PROVIDED MATERIAL:
== Segment start ==

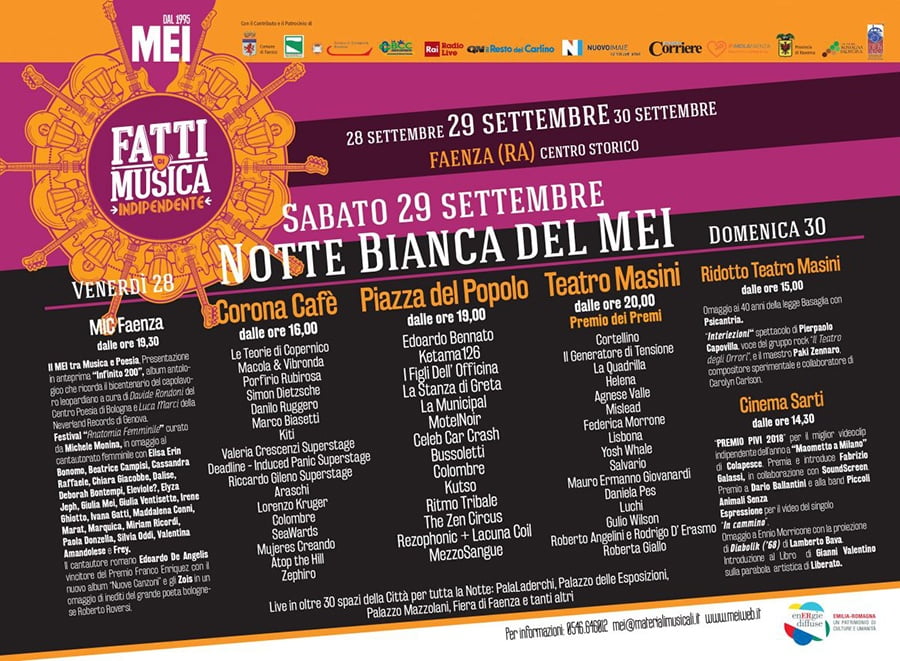 Alla fine, al termine di una serata comunque entusiasmante, Agnese Valle è giunta seconda, giocandosi la vittoria fino in fondo, alle spalle della cantautrice sarda Daniela Pes alla finalissima del “Premio dei Premi” 2018, il contest che riunisce i vincitori dei concorsi italiani di canzone d’autore e world music intitolati ad artisti scomparsi, svoltosi a Faenza. L’evento si è tenuto sabato nell’ambito del Mei di Faenza ed ha visto un podio tutto al femminile. Infatti dietro la vincitrice, che rappresentava il Premio Andrea Parodi di Cagliari, a pari merito con Agnese, vincitrice del nostro Premio Mario Panseri alla Canzone d'Autore, si è piazzata Federica Morrone (in lizza il Premio Bianca d’Aponte di Aversa). La serata è stata una occasione unica per vedere, tutti insieme, i migliori cantautori emergenti del nostro Paese, in quella che è stato definita la “Champions League” dei nuovi cantautori. Agnese Valle si è esibita con l'accompagnamento al pianoforte di Pino Marino, autore insieme a lei del brano “Come la punta del mio dito”, già vincitore a Cairo ed interpretato anche a Faenza. Inoltre, dovendo per regolamento proporre una cover a scelta di un autore italiano, Agnese ha presentato una versione straordinariamente emozionante di "Un paese di gente bambina" di Mario Panseri, dimostrando la sua classe inimitabile e qualità morali non comuni, laddove, con la scelta di proporre ad una platea così ampia il ricordo di Mario Panseri, attraverso un brano talmente intenso e bellissimo, ha onorato nel modo migliore e forse più inatteso, il "debito" di riconoscenza che la legava all'artista cui è dedicato il premio vinto in estate. Lei, che avrebbe potuto più semplicemente scegliere una cover di Ivan Graziani, peraltro già interpretata in passato, al quale era dedicata, per giunta, l'intera serata. Grande soddisfazione da parte dell'Amministrazione comunale che ha visto ulteriormente avvalorata la scelta di svoltare col Premio Panseri decisamente verso la qualità delle canzoni e degli autori, attraverso la collaborazione strettissima con la famiglia dell'artista, con scelte condivise nel segno della professionalità di tutti gli attori via via chiamati a partecipare all'evento. Un appuntamento che è già avviato alla quarta edizione, forte della vicinanza culturale con i premi Tenco e Bindi e dell'esperienza messa a frutto in questo ultimo anno. Un enorme ringraziamento ad Agnese Valle e Pino Marino per come hanno saputo rappresentare ed onorare il Premio Mario Panseri.   Immagini dell'esibizione al MEI di Faenza tratte dal profilo Facebook di Agnese Valle       Sabato 29 settembre si svolgerà a FAENZA (Ravenna) la ventitreesima edizione del MEI – Fatti di Musica Indipendente, la più importante manifestazione dedicata alla scena musicale indipendente italiana, un evento che da quasi 25 anni è punto d’incontro naturale tra le realtà che hanno fatto la storia della musica italiana degli ultimi decenni. I vincitori dei più importanti concorsi italiani di canzone d'autore e world music, intitolati ad artisti scomparsi, saranno in lizza per il prestigioso “Premio dei Premi”. Al Teatro Masini si fronteggeranno infatti Salvario in rappresentanza del Premio Bertoli, Lisbona per il Premio Bindi, i Yosh Whale per il Premio Buscaglione, La Quadrilla per il Premio Cesa/Folkest, Luchi per il Premio Ciampi, Federica Morrone per il Premio Bianca d'Aponte, i Mislead per il Premio Augusto Daolio, Giulio Wilson per il Premio Lauzi, gli Helena per il Premio Manente, Daniela Pes per il Premio Andrea Parodi e Agnese Valle per il Premio Mario Panseri. Ogni artista eseguirà un brano proprio ed una cover di un nome storico della musica italiana, in una sorta di passaggio di testimone dai grandi protagonisti della nostra canzone ai giovani che ne stanno raccogliendo l'eredità. A decidere il vincitore sarà una nutrita giuria composta da importanti addetti ai lavori italiani e internazionali e da giornalisti aderenti al Forum del giornalismo musicale. Nella serata si esibiranno anche vari ospiti di prestigio, tra cui Mauro Ermanno Giovanardi (a cui andrà un premio speciale del Mei) e il duo composto da Roberto Angelini e Rodrigo D’Erasmo con un omaggio Nick Drake. Ad aprire la serata ci sarà la giovane band “Il generatore di tensione”, presentata dalla fondazione Lucio Dalla. Il Premio dei Premi è ideato e diretto da Enrico Deregibus e Giordano Sangiorgi e vede come media-partner JamTV che realizzerà vari servizi sull’evento e Radio Popolare, che trasmetterà la serata. Fra i partner dell’evento ci sarà l'Officina della Musica e delle Parole di Milano, che, grazie ai responsabili Alberto Salerno e Tino Silvestri, offrirà al vincitore una borsa di studio del valore di euro 1500. Oltre a questo, il vincitore avrà diritto ad un pacchetto promozionale del circuito del Mei e a vari altri bonus che sono in via di definizione. Grande soddisfazione da parte dell'Amministrazione cairese per la presenza di Agnese Valle, recente vincitrice del Premio Panseri 2018, a testimonianza del valore qualitativo e del riconoscimento a livello nazionale che il Premio ha riscontrato quest'anno, quando a contendersi la vittoria, il 21 luglio scorso, sono stati artisti di indubbio talento e di comprovata capacità tecnica, come mai era accaduto in passato. La vicinanza, anche "culturale", con i Premi Tenco e Bindi, l'interazione della direzione artistica, in primo luogo dell'instancabile giornalista di Repubblica Lucia Marchiò,con l'organizzazione del MEI e l'indubbio rilievo che l'evento cairese ha ottenuto quest'anno, hanno portato il concorso dedicato al grande Mario Panseri ad una ribalta nazionale di primo piano, meritata e di buon auspicio per un futuro che si prospetta ulteriormente interessante e ricco di protagonisti di prim'ordine. In bocca al lupo ad Agnese Valle che rappresenterà idealmente tutti noi, con la sua classe cristallina, giocandosela senza paura 
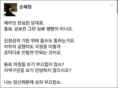 손혜원 더불어민주당 의원은 “한심한 당 대표, 홍보, 공보란 그런 삼류 땜빵이 아니오”라며 “진정성의 기반 위에 꼼수도 통하는 것”이라고 비판했다. 손 의원은 “아무리 급했어도 국정을 이렇게 코미디로 만들면 안된다”며 “동료 의원들 보기 부끄럽지 않소? 지역구민들 보기 민망하지 않으시오?”라고 질타했다.
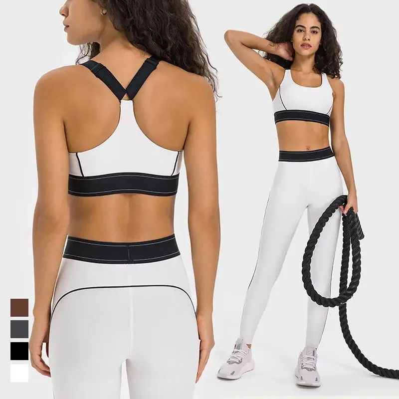 Plus Size Gym Fitness Yoga Sets 2 Piece Suit Womens Clothing Lulu Sportswear Sports Bra Tummy Control Yoga Leggings For Women
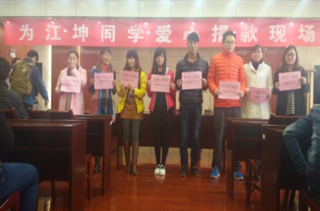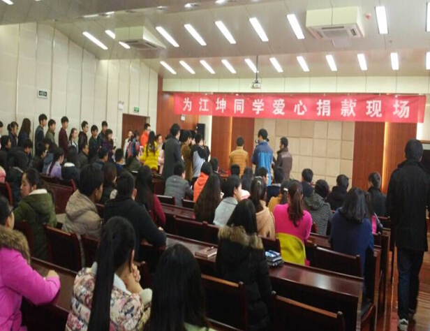 3月18号下午2点10分,Beat365唯一官方网站的全体师生代表在综合楼十一楼为江坤同学举办了募捐活动。

== Segment end ==

EXERCISE OBJECTIVE: Repeat the material exactly. Any picture in it should be dropped.

REPLY:
 Alla fine, al termine di una serata comunque entusiasmante, Agnese Valle è giunta seconda, giocandosi la vittoria fino in fondo, alle spalle della cantautrice sarda Daniela Pes alla finalissima del “Premio dei Premi” 2018, il contest che riunisce i vincitori dei concorsi italiani di canzone d’autore e world music intitolati ad artisti scomparsi, svoltosi a Faenza. L’evento si è tenuto sabato nell’ambito del Mei di Faenza ed ha visto un podio tutto al femminile. Infatti dietro la vincitrice, che rappresentava il Premio Andrea Parodi di Cagliari, a pari merito con Agnese, vincitrice del nostro Premio Mario Panseri alla Canzone d'Autore, si è piazzata Federica Morrone (in lizza il Premio Bianca d’Aponte di Aversa). La serata è stata una occasione unica per vedere, tutti insieme, i migliori cantautori emergenti del nostro Paese, in quella che è stato definita la “Champions League” dei nuovi cantautori. Agnese Valle si è esibita con l'accompagnamento al pianoforte di Pino Marino, autore insieme a lei del brano “Come la punta del mio dito”, già vincitore a Cairo ed interpretato anche a Faenza. Inoltre, dovendo per regolamento proporre una cover a scelta di un autore italiano, Agnese ha presentato una versione straordinariamente emozionante di "Un paese di gente bambina" di Mario Panseri, dimostrando la sua classe inimitabile e qualità morali non comuni, laddove, con la scelta di proporre ad una platea così ampia il ricordo di Mario Panseri, attraverso un brano talmente intenso e bellissimo, ha onorato nel modo migliore e forse più inatteso, il "debito" di riconoscenza che la legava all'artista cui è dedicato il premio vinto in estate. Lei, che avrebbe potuto più semplicemente scegliere una cover di Ivan Graziani, peraltro già interpretata in passato, al quale era dedicata, per giunta, l'intera serata. Grande soddisfazione da parte dell'Amministrazione comunale che ha visto ulteriormente avvalorata la scelta di svoltare col Premio Panseri decisamente verso la qualità delle canzoni e degli autori, attraverso la collaborazione strettissima con la famiglia dell'artista, con scelte condivise nel segno della professionalità di tutti gli attori via via chiamati a partecipare all'evento. Un appuntamento che è già avviato alla quarta edizione, forte della vicinanza culturale con i premi Tenco e Bindi e dell'esperienza messa a frutto in questo ultimo anno. Un enorme ringraziamento ad Agnese Valle e Pino Marino per come hanno saputo rappresentare ed onorare il Premio Mario Panseri.   Immagini dell'esibizione al MEI di Faenza tratte dal profilo Facebook di Agnese Valle       Sabato 29 settembre si svolgerà a FAENZA (Ravenna) la ventitreesima edizione del MEI – Fatti di Musica Indipendente, la più importante manifestazione dedicata alla scena musicale indipendente italiana, un evento che da quasi 25 anni è punto d’incontro naturale tra le realtà che hanno fatto la storia della musica italiana degli ultimi decenni. I vincitori dei più importanti concorsi italiani di canzone d'autore e world music, intitolati ad artisti scomparsi, saranno in lizza per il prestigioso “Premio dei Premi”. Al Teatro Masini si fronteggeranno infatti Salvario in rappresentanza del Premio Bertoli, Lisbona per il Premio Bindi, i Yosh Whale per il Premio Buscaglione, La Quadrilla per il Premio Cesa/Folkest, Luchi per il Premio Ciampi, Federica Morrone per il Premio Bianca d'Aponte, i Mislead per il Premio Augusto Daolio, Giulio Wilson per il Premio Lauzi, gli Helena per il Premio Manente, Daniela Pes per il Premio Andrea Parodi e Agnese Valle per il Premio Mario Panseri. Ogni artista eseguirà un brano proprio ed una cover di un nome storico della musica italiana, in una sorta di passaggio di testimone dai grandi protagonisti della nostra canzone ai giovani che ne stanno raccogliendo l'eredità. A decidere il vincitore sarà una nutrita giuria composta da importanti addetti ai lavori italiani e internazionali e da giornalisti aderenti al Forum del giornalismo musicale. Nella serata si esibiranno anche vari ospiti di prestigio, tra cui Mauro Ermanno Giovanardi (a cui andrà un premio speciale del Mei) e il duo composto da Roberto Angelini e Rodrigo D’Erasmo con un omaggio Nick Drake. Ad aprire la serata ci sarà la giovane band “Il generatore di tensione”, presentata dalla fondazione Lucio Dalla. Il Premio dei Premi è ideato e diretto da Enrico Deregibus e Giordano Sangiorgi e vede come media-partner JamTV che realizzerà vari servizi sull’evento e Radio Popolare, che trasmetterà la serata. Fra i partner dell’evento ci sarà l'Officina della Musica e delle Parole di Milano, che, grazie ai responsabili Alberto Salerno e Tino Silvestri, offrirà al vincitore una borsa di studio del valore di euro 1500. Oltre a questo, il vincitore avrà diritto ad un pacchetto promozionale del circuito del Mei e a vari altri bonus che sono in via di definizione. Grande soddisfazione da parte dell'Amministrazione cairese per la presenza di Agnese Valle, recente vincitrice del Premio Panseri 2018, a testimonianza del valore qualitativo e del riconoscimento a livello nazionale che il Premio ha riscontrato quest'anno, quando a contendersi la vittoria, il 21 luglio scorso, sono stati artisti di indubbio talento e di comprovata capacità tecnica, come mai era accaduto in passato. La vicinanza, anche "culturale", con i Premi Tenco e Bindi, l'interazione della direzione artistica, in primo luogo dell'instancabile giornalista di Repubblica Lucia Marchiò,con l'organizzazione del MEI e l'indubbio rilievo che l'evento cairese ha ottenuto quest'anno, hanno portato il concorso dedicato al grande Mario Panseri ad una ribalta nazionale di primo piano, meritata e di buon auspicio per un futuro che si prospetta ulteriormente interessante e ricco di protagonisti di prim'ordine. In bocca al lupo ad Agnese Valle che rappresenterà idealmente tutti noi, con la sua classe cristallina, giocandosela senza paura 
 손혜원 더불어민주당 의원은 “한심한 당 대표, 홍보, 공보란 그런 삼류 땜빵이 아니오”라며 “진정성의 기반 위에 꼼수도 통하는 것”이라고 비판했다. 손 의원은 “아무리 급했어도 국정을 이렇게 코미디로 만들면 안된다”며 “동료 의원들 보기 부끄럽지 않소? 지역구민들 보기 민망하지 않으시오?”라고 질타했다.
 Plus Size Gym Fitness Yoga Sets 2 Piece Suit Womens Clothing Lulu Sportswear Sports Bra Tummy Control Yoga Leggings For Women
 3月18号下午2点10分,Beat365唯一官方网站的全体师生代表在综合楼十一楼为江坤同学举办了募捐活动。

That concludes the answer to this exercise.